Debris Flow Early Warning Using the Patch Fourier Transformer

Machine learning techniques have been extensively applied to identify debris flow events in seismic signals and develop debris-flow early warning systems. However, several challenges persist. Traditional models find it difficult to directly process the raw waveform signals and instead rely heavily on manual feature extraction, which may result in redundant or insufficient features, potentially resulting in unreasonable generalization bias. Meanwhile, deep learning approaches, particularly those based on convolutional neural networks (CNNs), require multilayer stacking for dimensionality reduction. This may cause overfitting. To address these challenges, this research introduces an enhanced model based on the Transformer architecture: the Patch Fourier Transformer (PFT).

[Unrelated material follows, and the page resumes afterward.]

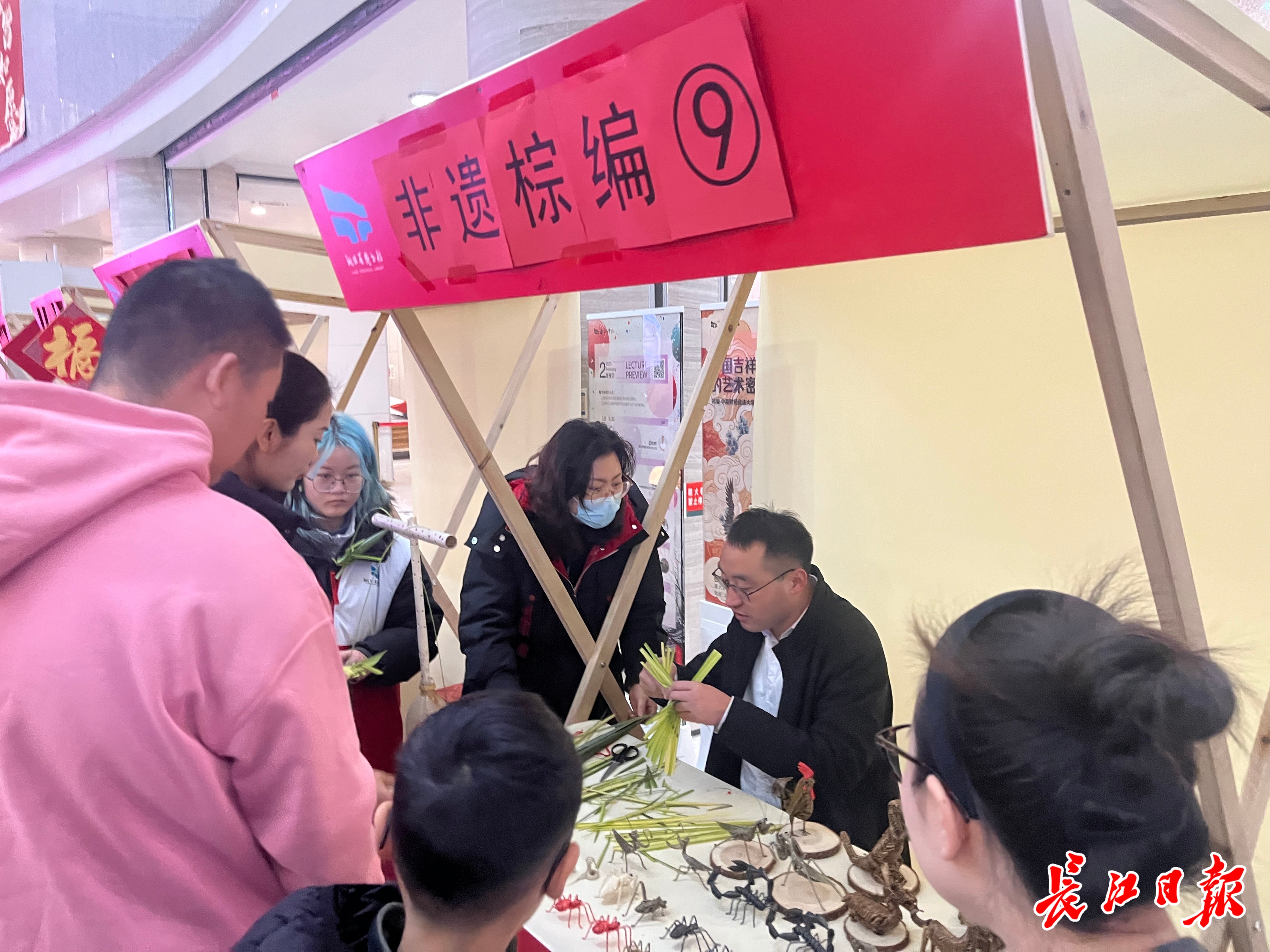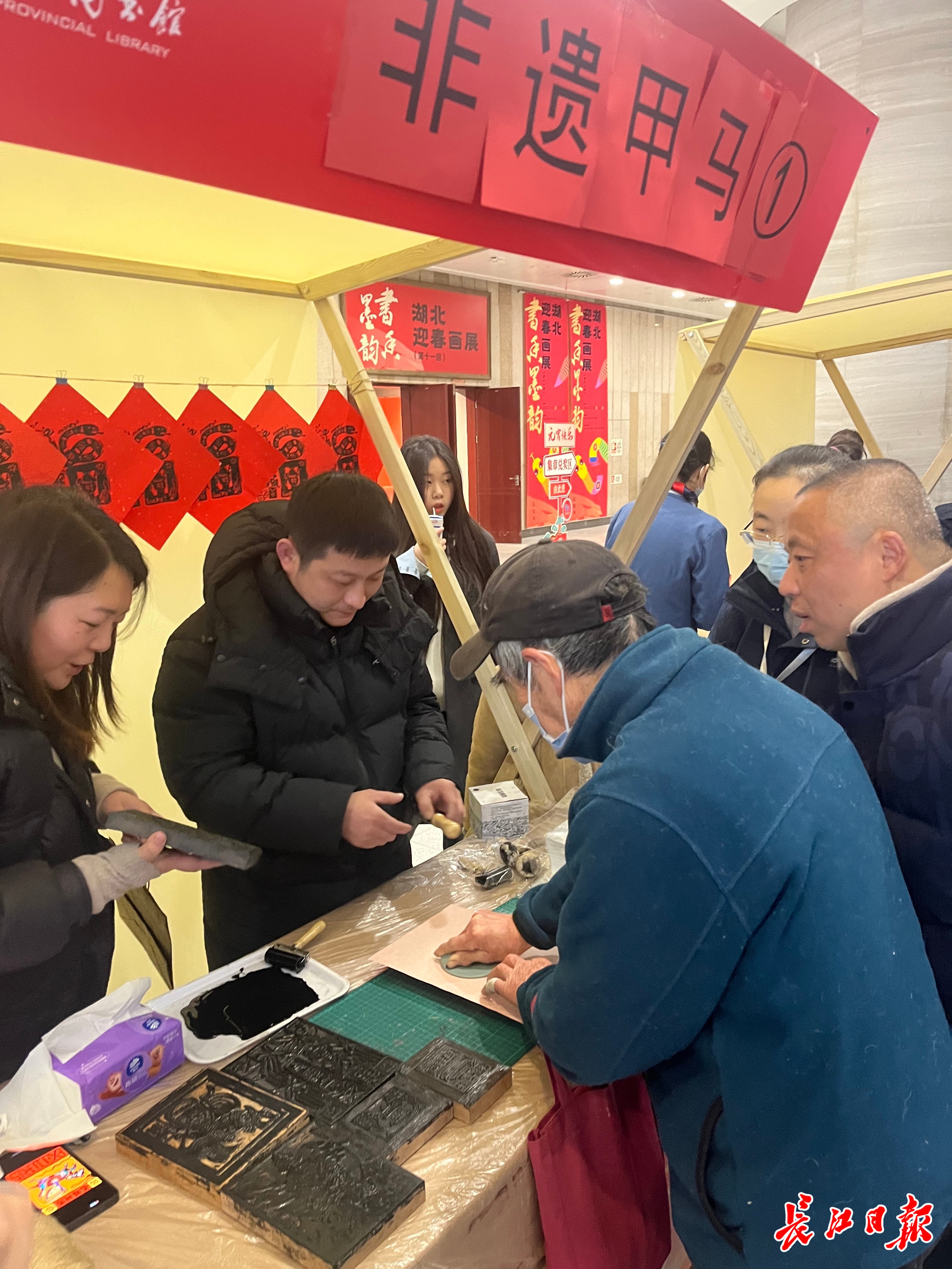 现场,棕编非遗传承人指尖翻飞,编就活灵活现的草编锦鲤,吸引了众多读者的围观。来自汉口的市民读者张先生带着儿子体验非遗项目“甲马拓印”。“甲马拓印起源于古代的祭祀文化。今天大家通过拓印祈愿新年吉祥。”他们一边听着馆员的介绍,一边将墨辊在梨木雕版上反复滚压,揭起宣纸瞬间,灵蛇盘踞的生肖图案跃然眼前。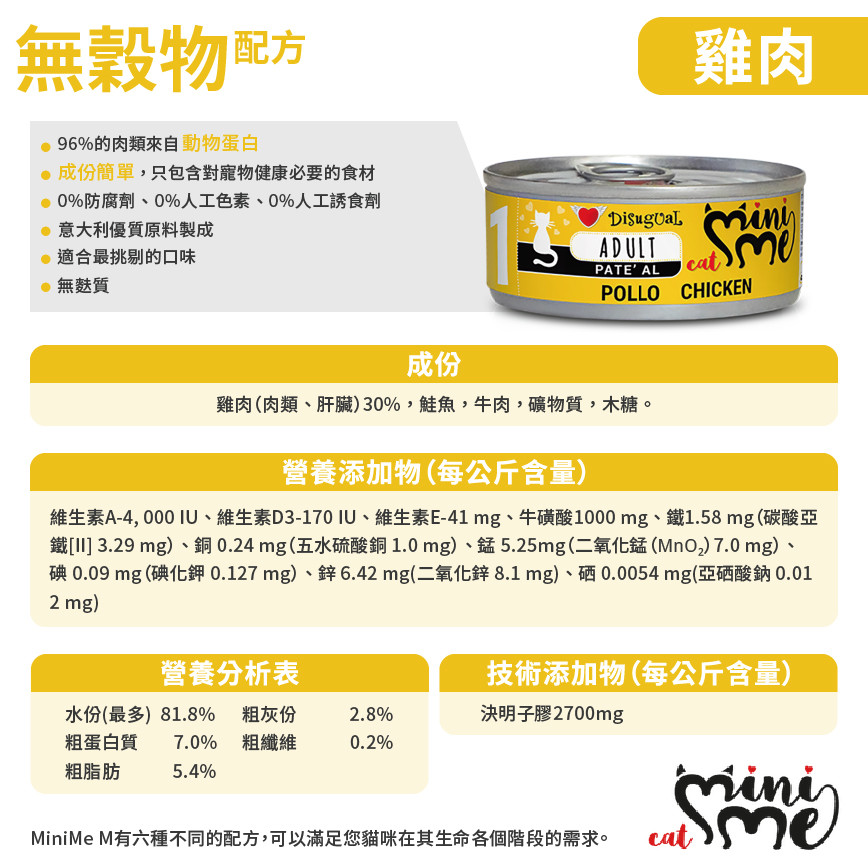 Disugual 意極鮮 貓罐頭 貓主食罐 MINI ME1 無穀物雞肉配方 85g (MIME001) | 意大利製造 - 限時試食價

The Patch attention mechanism allows the model to focus on key regions of the seismic waveform, highlighting areas of significant energy fluctuations that correspond to debris flow events. Utilizing the Patch attention mechanism, our model effectively captures energy fluctuations in the time-frequency domain and exhibits a high level of consistency with the spatio-temporal distribution of attention weights. By mapping the attention distribution to specific time-frequency regions, the model provides insight into the seismic signal components that most influence its decision-making process.

The model was evaluated using seismic data from 12 debris flow events in the Illgraben, a Swiss catchment. The PFT model achieved over 96% accuracy in waveform identification. Furthermore, the early warning system provided warning times ranging from 24 minutes to 2 hours without generating any false alarms. These results highlight the considerable potential and advantages of the PFT model for debris flow identification and early warning applications.